司虎神秘一笑,「山人自有妙計」。
整整一天,司虎他們幾個忙的連上廁所的時間都沒有,而鬼屋里的尖叫也是此起彼伏,壓根就沒停下來過。
直到晚上十點,送走最後一批客人後,幾個人筋疲力盡的攤在椅子上,手指頭都懶得動。
「我說虎子,你到底把店里做了什麼改動?怎麼感覺完全不一樣了呢?」黃強還是不死心。
司虎歪頭看向同樣滿臉好奇的張明和李鑫,他低頭思索了片刻。
最終決定還是不告訴他們了吧,今天剛猛賺一筆,又得知店里面有個貨真價實的女鬼,這一喜一驚落差太大,搞不好真的要送到醫院去。
「你們上次說要撤資的時候,我找了個朋友來稍微調了店里的設備。」司虎略微帶過,有個好的設備也是鬼屋不可或缺的一部分。
黃明幾人听後點點頭,若有所思。
「但是我今天听客人說,咱們的環境音效演員都不錯,就是本子差了一點。

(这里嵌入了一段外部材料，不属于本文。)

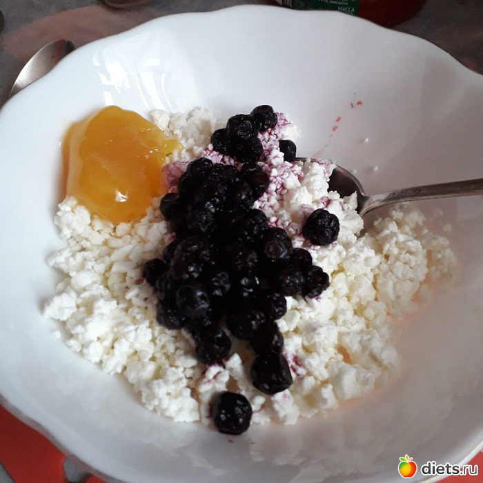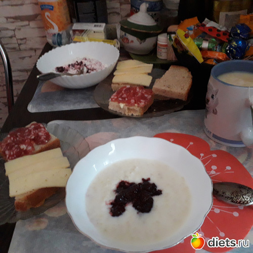 У меня-каша пшенная, молочная, с ягодами ежевики. У мужа-домашний творог со сметаной и с ежевикой.

」李鑫抬手捏了捏眼楮中央,緩解一下酸澀。
其他兩個人講目光紛紛投向本子的創作者——司虎。
司虎尷尬的笑了笑,他敢對天發誓自己真的很用功的寫本子了,只是一不小心就爛俗了。
就拿客人們點的最多的《失樂園》來說,以雙胞胎姐姐離奇失蹤為開篇,用妹妹偵探的身份為線索,掀開一個深藏多年的陰謀。
但是結尾卻寫成了妹妹搶走了姐姐的男朋友,姐姐消失復仇的故事。
就踏馬離譜!
「沒關系,現在很多人都會寫本子,我們可以花錢情人來寫。」張明緩緩的開口。
「不行!」司虎立即開口。「我會寫!而且我可以寫好!」
「閉嘴!」三人異口同聲,否決了他的堅持。
不可能再讓他繼續寫了,除非不想讓店開下去!
司虎不甘心的癟癟嘴。
深夜,慶祝結束的兄弟們醉醺醺的離開,司虎鎖好門後,拿著布袋晃到臥室里。
「恩公,他們都拿刀抵著你脖子了,為何你不怪他們!」
閔惜慧剛從布袋里飄出,滿臉不高興的問道。
司虎靠坐在床上,喝多了酒的他,眼神有些朦朧,找了好一會兒後才看到半空中的閔惜慧。
「你不懂。」司虎眼神毫無聚焦。「這個店自開以來就一直在虧本,如果沒有他們早就關門了。」
「那也不能拿刀啊!」閔惜慧忿忿不平。
司虎笑著搖搖頭,不欲理會這個糾結的女鬼。可閔惜慧依舊追問,她不明白發生這種情況怎麼還會繼續來往?
見她滿臉的不解,司虎也沒有再解釋。
她不過是剛接觸不理解而已,時間長了就好。
想到這里,司虎的神情突然嚴肅起來,他認真的看著閔惜慧。
「今天他們仨問店里的變化,我暫時糊弄過去了。但時間長了總會露餡的。我準備過段時間就交代清楚這件事,你••••」
說到這里司虎突然停了下來,他不知道該怎麼描述自己想表達的意思。
閔惜慧卻明白了,她飄蕩在空中,半透明的臉上透露著認真。
「恩公,我明白。您盡管說吧!不管什麼後果我都承擔得起。」
說完她匆匆福了禮轉身穿牆而出回了布袋。
司虎則躺在床上伴隨著醉意慢慢入睡。
都說飲了酒睡眠質量會很好,尤其是有喜事的時候。可是今晚司虎總是在不停的做噩夢。
夢中看見一個身著盔甲的男人,手持長刀行走在火光沖天的街道上。無數個侍衛模樣的人向他沖來,他手起刀落眼楮都不眨一下。
唯獨看見一個衣著華麗的女人攔在路中才停下來。
司虎的心中猛然一個念頭,這個女人不能殺!
「住手!」
話音還未落地,只見男人毫不留情的舉起手中的長刀劈了下去。
鮮紅的血液飛濺在空中,哪怕隔得老遠,司虎也能聞見那濃烈的血腥味兒。
男人收刀抬頭,沖著司虎的方向看了過來,冰冷的眼神仿佛在看一個死人。
逼人的煞氣撲面而來,司虎腿一軟跌坐在地上。
待看清男人的臉後,他倒吸一口涼氣,這個男人,居然和自己長得一模一樣!
「啊!」
司虎從夢中猛然驚醒,房間里依舊是黑沉沉的。
「 噠」隨著按鈕的聲音響起,溫暖的黃光從頭頂傾瀉而出。司虎安撫的模了模狂跳不止的心髒。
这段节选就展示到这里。